Records shown:
::::::

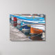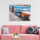 Ein schöner Blick auf die Fischerboote in einer Reihe auf einer Leinwand gedruckt.
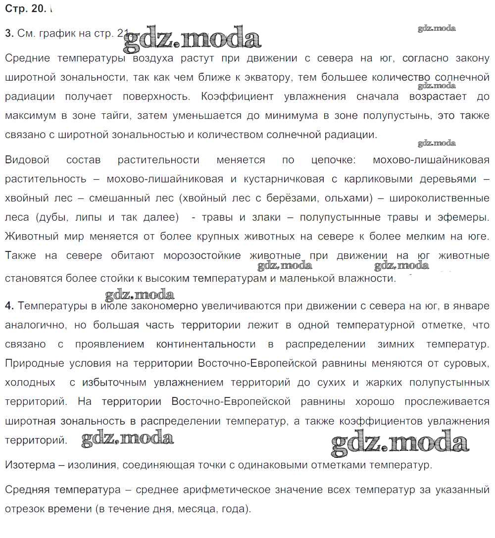 ГДЗ решение к заданию № 20 География 8 класс рабочая тетрадь с контурными картами Сиротин В.И. Дрофа 2020 ФГОС бесплатно на гдз.мода!
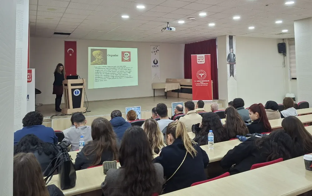 ODÜ Ünye İktisadi ve İdari Bilimler Fakültesi’nde düzenlenen “Sigara Kanser İlişkisi ve Kanserden Korunma” seminerinde, sigaranın kanser üzerindeki etkileri ve korunma yolları ele alındı, sigarayı bırakmaya yönelik bilgilendirme yapıldı.
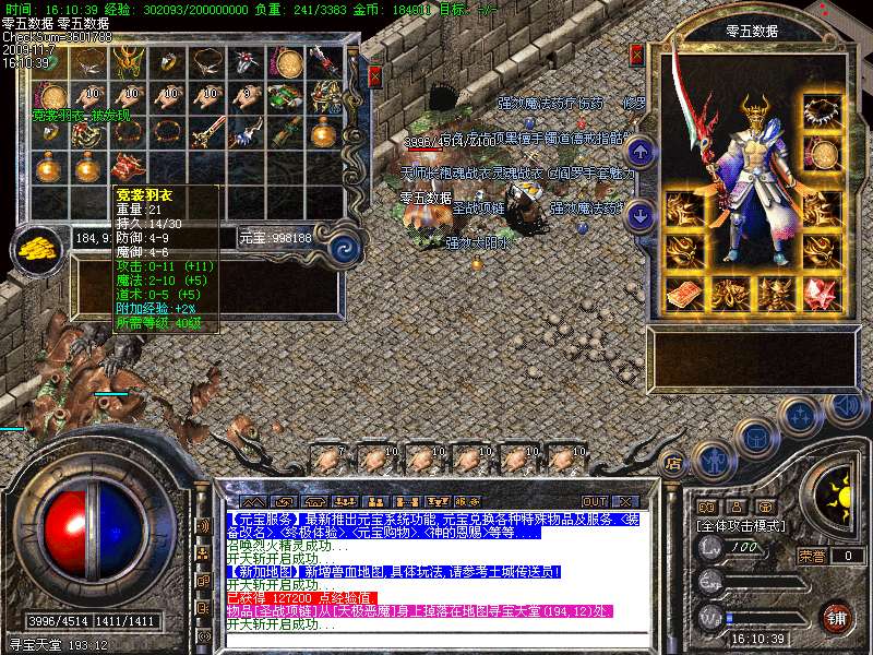 【神的恩赐系统】玩家可以在元宝商店使用获得<神的恩赐>,短暂的时间内激发自身潜能力量.增加人物死亡提示地图.坐标.方便丢了装备的快速找到该地点.
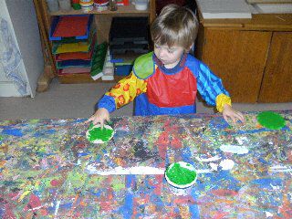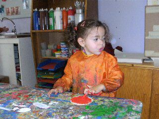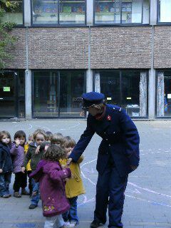 Farah had vandaag een verkeerslicht mee naar de klas. We besloten om er ook een te maken. Met onze vingers schilderden we rood en groen op een rond karton. (morgen is oranje dan aan de beurt) Maandag is Victor jarig. Samen met Virginie knutselde hij zijn spokenkroon. 's Middags was er poppenkast: Martine verkleedde zich als politie-agent (met de kleren die Billie meegebracht had). We zagen verschillende voertuigen in de poppenkast die moesten stoppen als het rood was en door mochten rijden als het groen was. We speelden ook nog buiten met die kleuren: als het groen was mochten de kindjes iets doen, was het rood dan moesten ze stoppen..

::::::

An exact copy of each entry is required, minus the pictures.

 Ein schöner Blick auf die Fischerboote in einer Reihe auf einer Leinwand gedruckt.
 ГДЗ решение к заданию № 20 География 8 класс рабочая тетрадь с контурными картами Сиротин В.И. Дрофа 2020 ФГОС бесплатно на гдз.мода!
 ODÜ Ünye İktisadi ve İdari Bilimler Fakültesi’nde düzenlenen “Sigara Kanser İlişkisi ve Kanserden Korunma” seminerinde, sigaranın kanser üzerindeki etkileri ve korunma yolları ele alındı, sigarayı bırakmaya yönelik bilgilendirme yapıldı.
 【神的恩赐系统】玩家可以在元宝商店使用获得<神的恩赐>,短暂的时间内激发自身潜能力量.增加人物死亡提示地图.坐标.方便丢了装备的快速找到该地点.
 Farah had vandaag een verkeerslicht mee naar de klas. We besloten om er ook een te maken. Met onze vingers schilderden we rood en groen op een rond karton. (morgen is oranje dan aan de beurt) Maandag is Victor jarig. Samen met Virginie knutselde hij zijn spokenkroon. 's Middags was er poppenkast: Martine verkleedde zich als politie-agent (met de kleren die Billie meegebracht had). We zagen verschillende voertuigen in de poppenkast die moesten stoppen als het rood was en door mochten rijden als het groen was. We speelden ook nog buiten met die kleuren: als het groen was mochten de kindjes iets doen, was het rood dan moesten ze stoppen..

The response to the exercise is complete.